Contains neither plums nor pudding.
5. History professor: My 11th grade American history textbook. Orlando Figes's Natasha's Dance. Alison Weir's The Six Wives of Henry VIII. The vague notion that I wanted to be an "academic" and an "intellectual" (though I had no real idea what either of those words meant). A very eerie History Channel documentary I saw when I was 8 or 9 about some relatively early English king who had a series of unfortunate and mysterious diseases and whose death both left me profoundly unsettled and forever imbued the study of history with an air of mysticism and danger. The Cloisters.

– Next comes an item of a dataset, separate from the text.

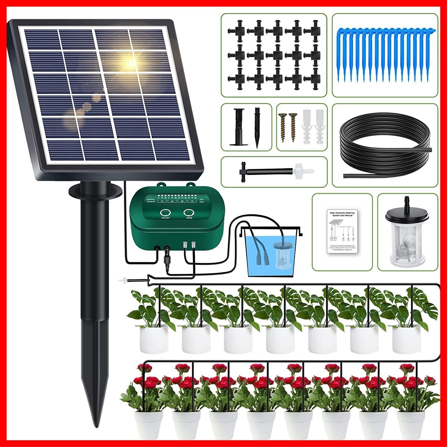 【特価商品】HUIZHOU 自動水やり 植物 ソーラー最新点滴灌漑システム、12個のタイマーモードの自動灌漑システム+15Mホースを持ち、ガーデン、ベランダ植物、アウトドア盆栽に用いられる、同時に15鉢の植物に水をかけることができる | カウカウ物販

For a long time after I visited the Cloisters (sometime in elementary school), I assumed the word had something to do with death and the dead because of how dank, tenebrous, and otherworldly it was. 
6. Lawyer: Law & Order's fixed presence on my mother's television. Winning some "debates" in summer camp in fourth grade. The assumption that lawyers are a thing smart people tend to become. My phenomenal bullshitting skills (in 7th grade I convinced my entire home ec class that I had been born and partially raised in the UK, and the teacher that my mother had gone to school with her sister in England).

7. UN translator: The Interpreter. Having a better French accent than my teacher (who I later learned spoke French so poorly that she frequently made up words and grammatical constructions. We did not have AP languages in my district). Being really good at memorizing things.

8. Mathematician: spending hours staring at my calculus textbook, finally understanding a concept, finding that more beautiful and rewarding than memorizing dates of Supreme Court cases.

9. Psychiatrist: Frasier. John Katzenbach's The Analyst. The Dali Museum. Hannibal Lecter. The first Artemis Fowl book. Dostoevsky's White Nights. Ivan Karamazov. "Antisocial" tendencies.

10. Neuroscientist/neurologist: Society for Neuroscience Brain Bee. Fondness for the orderliness of hospitals. Flowers for Algernon.